▶ What is expected
Pull out from the material below all lines with "cream".
══ Data shown ══
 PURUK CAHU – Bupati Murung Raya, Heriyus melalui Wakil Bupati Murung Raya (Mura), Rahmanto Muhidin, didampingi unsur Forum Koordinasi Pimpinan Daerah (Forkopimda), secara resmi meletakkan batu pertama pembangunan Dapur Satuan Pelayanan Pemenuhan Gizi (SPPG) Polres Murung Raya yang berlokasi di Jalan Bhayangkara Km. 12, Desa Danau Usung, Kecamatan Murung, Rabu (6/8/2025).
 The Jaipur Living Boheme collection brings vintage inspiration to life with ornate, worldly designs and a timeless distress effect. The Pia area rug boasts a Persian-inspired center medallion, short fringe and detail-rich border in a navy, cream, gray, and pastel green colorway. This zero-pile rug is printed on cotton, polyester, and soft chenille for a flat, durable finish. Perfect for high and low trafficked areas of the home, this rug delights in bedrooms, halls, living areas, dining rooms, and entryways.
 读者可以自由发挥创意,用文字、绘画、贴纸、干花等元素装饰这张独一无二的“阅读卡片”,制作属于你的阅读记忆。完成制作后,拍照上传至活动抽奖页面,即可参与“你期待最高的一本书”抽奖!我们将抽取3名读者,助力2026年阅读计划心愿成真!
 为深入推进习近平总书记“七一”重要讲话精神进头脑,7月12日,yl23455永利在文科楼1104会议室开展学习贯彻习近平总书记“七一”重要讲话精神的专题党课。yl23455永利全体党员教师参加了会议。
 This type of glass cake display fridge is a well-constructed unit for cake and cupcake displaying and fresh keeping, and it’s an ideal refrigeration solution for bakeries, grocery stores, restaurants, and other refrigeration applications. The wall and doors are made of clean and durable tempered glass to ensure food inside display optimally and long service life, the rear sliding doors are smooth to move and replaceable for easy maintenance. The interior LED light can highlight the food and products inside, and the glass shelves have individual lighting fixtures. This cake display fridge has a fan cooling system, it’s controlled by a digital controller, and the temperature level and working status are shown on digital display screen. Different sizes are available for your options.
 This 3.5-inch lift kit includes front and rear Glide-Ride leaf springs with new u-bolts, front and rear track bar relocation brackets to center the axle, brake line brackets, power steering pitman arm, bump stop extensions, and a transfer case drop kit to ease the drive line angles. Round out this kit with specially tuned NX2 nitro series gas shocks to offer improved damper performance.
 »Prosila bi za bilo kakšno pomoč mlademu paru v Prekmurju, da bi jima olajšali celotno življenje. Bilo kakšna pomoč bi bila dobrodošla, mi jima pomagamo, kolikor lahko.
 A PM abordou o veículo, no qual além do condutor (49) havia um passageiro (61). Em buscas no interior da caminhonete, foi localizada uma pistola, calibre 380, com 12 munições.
═══
══ Data shown ══
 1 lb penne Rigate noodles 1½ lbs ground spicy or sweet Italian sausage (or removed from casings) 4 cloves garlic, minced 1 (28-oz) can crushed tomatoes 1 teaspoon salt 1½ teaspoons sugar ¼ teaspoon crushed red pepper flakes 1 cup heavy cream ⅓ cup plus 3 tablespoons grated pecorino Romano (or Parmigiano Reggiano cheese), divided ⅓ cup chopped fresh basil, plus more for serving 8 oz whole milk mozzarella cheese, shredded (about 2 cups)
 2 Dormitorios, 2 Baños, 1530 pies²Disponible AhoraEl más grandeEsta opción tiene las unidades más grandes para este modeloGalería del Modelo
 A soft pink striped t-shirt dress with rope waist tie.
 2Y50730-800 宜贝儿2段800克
═══
▶ Problem solution
 The Jaipur Living Boheme collection brings vintage inspiration to life with ornate, worldly designs and a timeless distress effect. The Pia area rug boasts a Persian-inspired center medallion, short fringe and detail-rich border in a navy, cream, gray, and pastel green colorway. This zero-pile rug is printed on cotton, polyester, and soft chenille for a flat, durable finish. Perfect for high and low trafficked areas of the home, this rug delights in bedrooms, halls, living areas, dining rooms, and entryways.
 1 lb penne Rigate noodles 1½ lbs ground spicy or sweet Italian sausage (or removed from casings) 4 cloves garlic, minced 1 (28-oz) can crushed tomatoes 1 teaspoon salt 1½ teaspoons sugar ¼ teaspoon crushed red pepper flakes 1 cup heavy cream ⅓ cup plus 3 tablespoons grated pecorino Romano (or Parmigiano Reggiano cheese), divided ⅓ cup chopped fresh basil, plus more for serving 8 oz whole milk mozzarella cheese, shredded (about 2 cups)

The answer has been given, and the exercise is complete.